MATERIAL TO PROCESS START

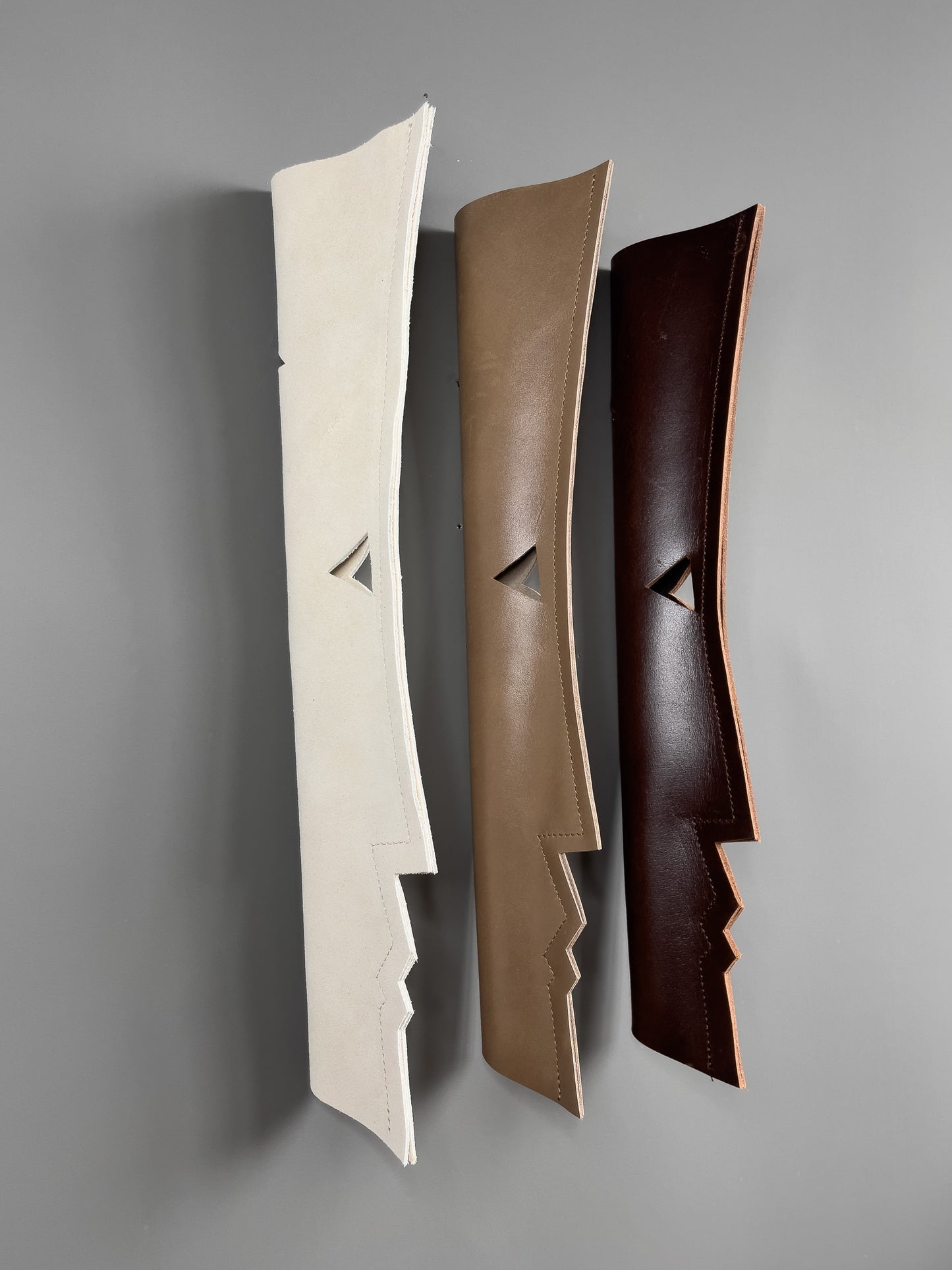 This Silhouette Mask, made from leather , reveals facial expressions through its contour. This Mask was inspired by the face masks Dirk created during the pandemic. With a background in shoe and bag making, Dirk has applied his refined techniques to create this piece.
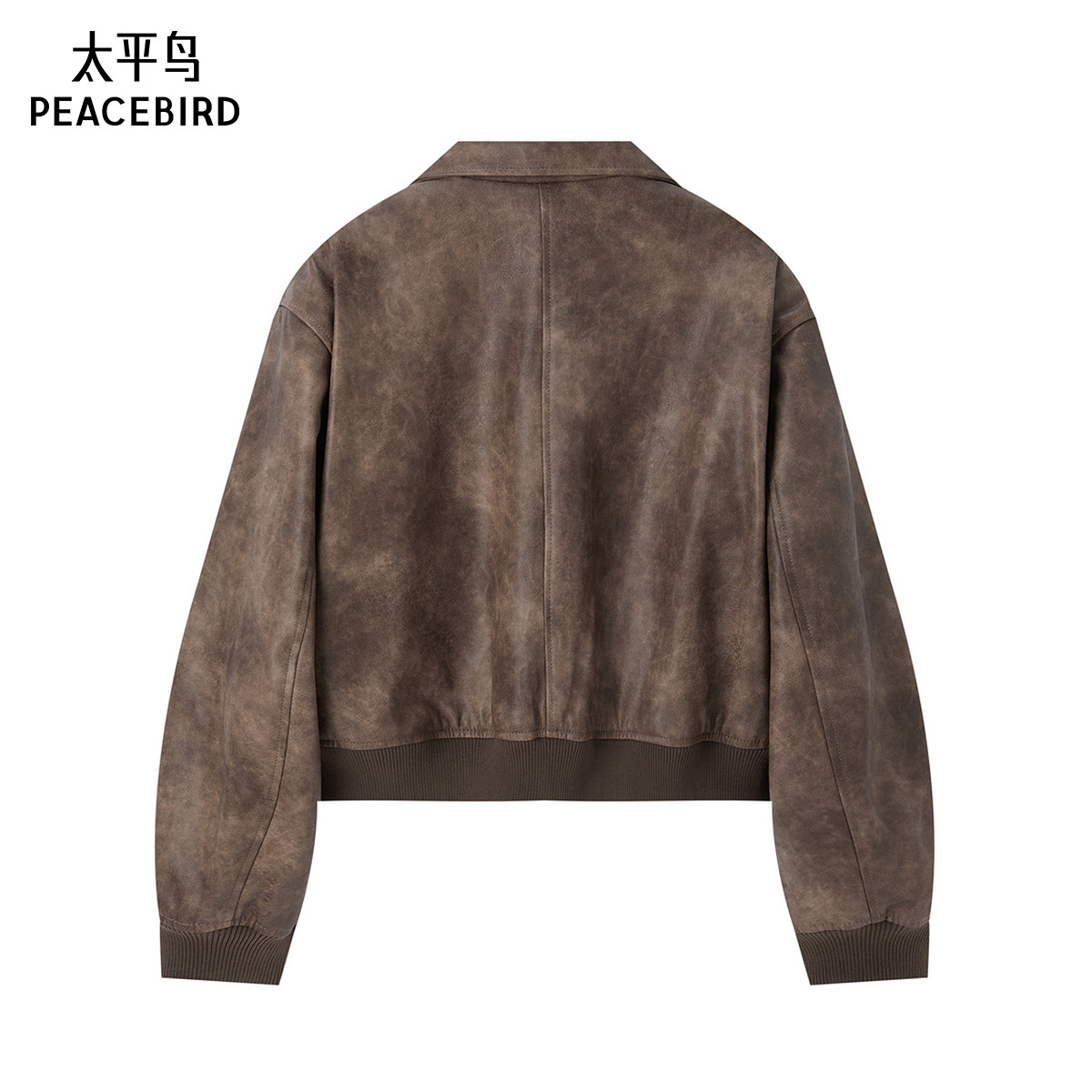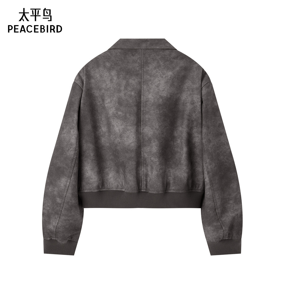 太平鸟女装年春季款仿水洗PU皮衣外套女时尚品质A3BBE1169
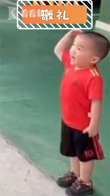 “稍息、立正、敬礼、礼毕”,小小的个头,稚嫩的脸庞,但这位萌娃每个动作都有模有样,全程还自带音效。
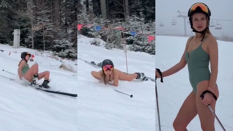 Odziana w strój kąpielowy Joanna Moro zaliczyła bolesny UPADEK na stoku narciarskim
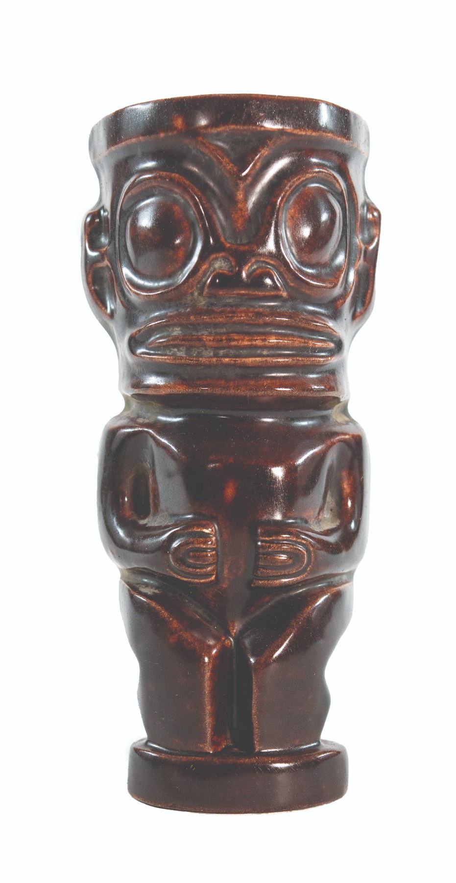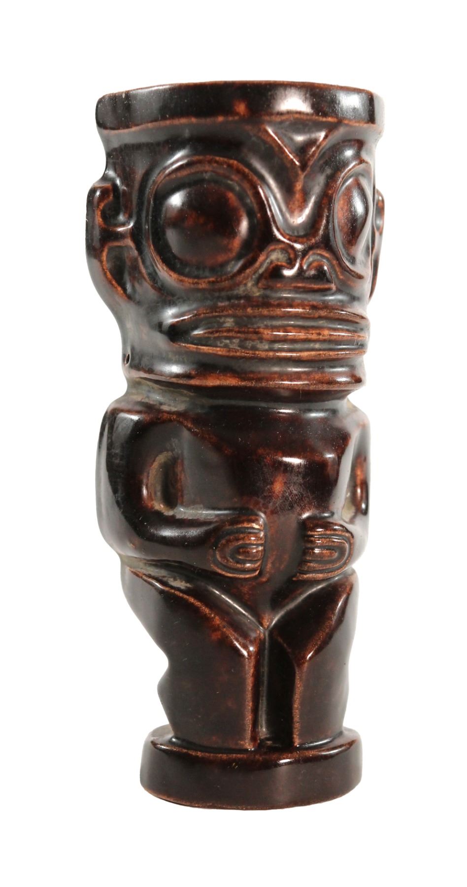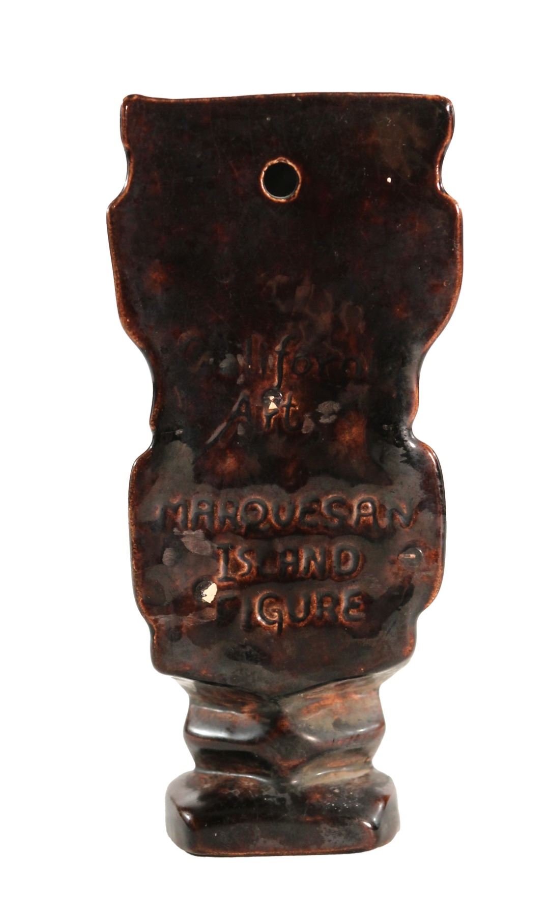 (1970s) The French Polynesian Marquesan Island were noted for their very unique style. This is very apparent in this ceramic wall pocket figure based on Marquesan tattoo style Tiki. It has a gloss finish with exceptional detail. Ceramic with dark glaze. 7.5"x3.5". VG+.
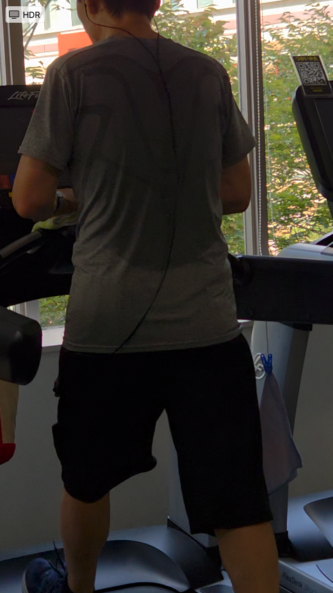 背中に何かつけています。形状から、アンテナのように思われます。イヤフォン????…
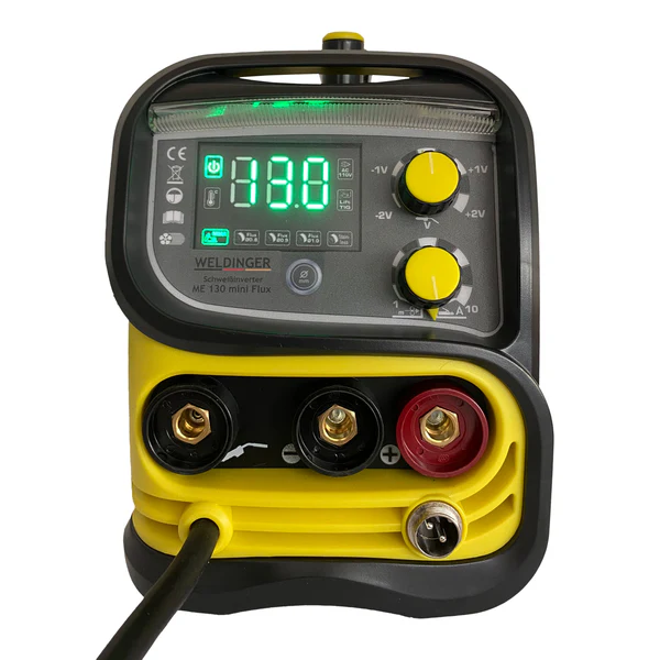 - WELDINGER ME 130 mini FLUX, inverter per saldatura a filo animato/MMA in un set con un rotolo di filo animato da 0,8 mm per ferro, punte di contatto 0,6/0,8/0,9/1,0 mm e ugello del gas filo animato

MATERIAL TO PROCESS END

Starting at the line containing "Odziana w strój" and stopping at the line containing "背中に何かつけています。形状", output each line exactly as it appears above. Leave out the pictures.

▶ _REPLY_
 Odziana w strój kąpielowy Joanna Moro zaliczyła bolesny UPADEK na stoku narciarskim
 (1970s) The French Polynesian Marquesan Island were noted for their very unique style. This is very apparent in this ceramic wall pocket figure based on Marquesan tattoo style Tiki. It has a gloss finish with exceptional detail. Ceramic with dark glaze. 7.5"x3.5". VG+.
 背中に何かつけています。形状から、アンテナのように思われます。イヤフォン????…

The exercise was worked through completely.